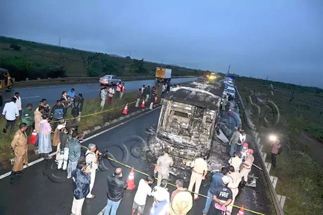 స్వర్ణోదయం ప్రతినిధి హైదరాబాద్: హైదరాబాద్ నుంచి బెంగుళూరు వెళుతున్న ప్రైవేటు ట్రావెల్స్ బస్సు కర్నూలు జిల్లా చిన్నటేకూరు వద్ద ఘోర ప్రమాదానికి గురైన సంఘటనపై ముఖ్యమంత్రి ఎ రేవంత్ రెడ్డి తీవ్ర దిగ్భ్రాంతిని వ్యక్తం చేశారు. ఆంధ్రప్రదేశ్ అధికారులతో మాట్లాడి అవసరమైన సహాయ చర్యలు తీసుకోవాలని రాష్ట్ర అధికారులను ఆదేశించారు. ఈ ఘటనలో మరణించిన కుటుంబాలకు తీవ్ర సంతాపం తెలిపారు.
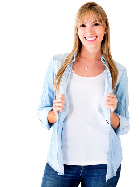 Confident woman smiling - isolated over a white background
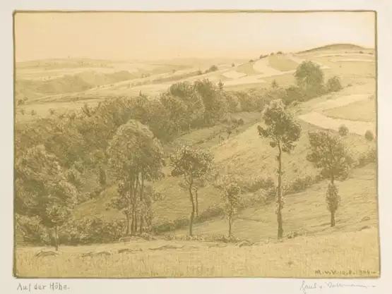 ╔Dabei:Ders.╗, Blick in hügelige Landschaft mit Bachlauf. Farblithogr. 1915. 23 x 17 cm. -╔Ernst Haider╗Verschneites Hochtal, Rad. 1914. 18 x 23,4 cm.╔Hans de Vos╗Eglisbohl am Bodensee. Rad. 1931 cm. 18,8 x 23,3 cm.
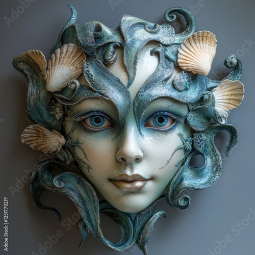Intricate Mermaid Sculpture with Shells and Ocean Elements
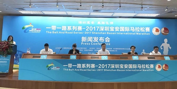 國家體育總局田徑管理中心馬拉松辦公室主任水濤、寶安區人民政府副區長梁敏華、寶安區委宣傳部常務副部長王曦、寶安區文體旅游局副局長盧清、智美體育集團高級副總裁、深圳賽格智美總經理沈偉以及特邀跑團代表、寶馬組委會各職能單位代表共同出席了20日的新聞發布會。2017深圳寶安國際馬拉松賽是由中國田徑協會、深圳市寶安區委區政府共同主辦,深圳市寶安區文體旅游局、深圳賽格智美體育文化發展有限公司聯合承辦。
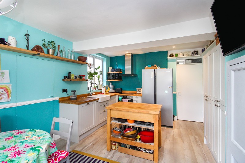 Equipped in a range of base level units comprising an inset sink with mixer tap, built in double oven, hob with extractor hood over, space for fridge/freezer, integrated dishwasher, window to side, radiator, doors to rear garden and utility area.
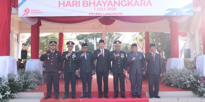 Lamongan, Kompas86id.com – Polres Lamongan menggelar upacara peringatan Hari Bhayangkara ke-79 yang berlangsung khidmat di Alun alun Kabupaten Lamongan pada Selasa pagi, (01/07/2025).
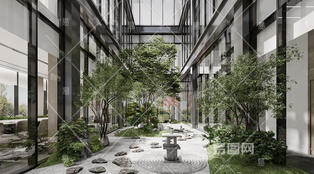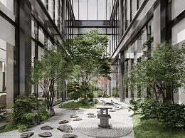 现代办公楼中庭景观3D模型下载

○ ○ ○ ○ ○

No pictures belong in the copy. Retype exactly, and only, the lines from the line containing "Equipped in a" through the last line of the data, both included.

### TASK SOLUTION
 Equipped in a range of base level units comprising an inset sink with mixer tap, built in double oven, hob with extractor hood over, space for fridge/freezer, integrated dishwasher, window to side, radiator, doors to rear garden and utility area.
 Lamongan, Kompas86id.com – Polres Lamongan menggelar upacara peringatan Hari Bhayangkara ke-79 yang berlangsung khidmat di Alun alun Kabupaten Lamongan pada Selasa pagi, (01/07/2025).
 现代办公楼中庭景观3D模型下载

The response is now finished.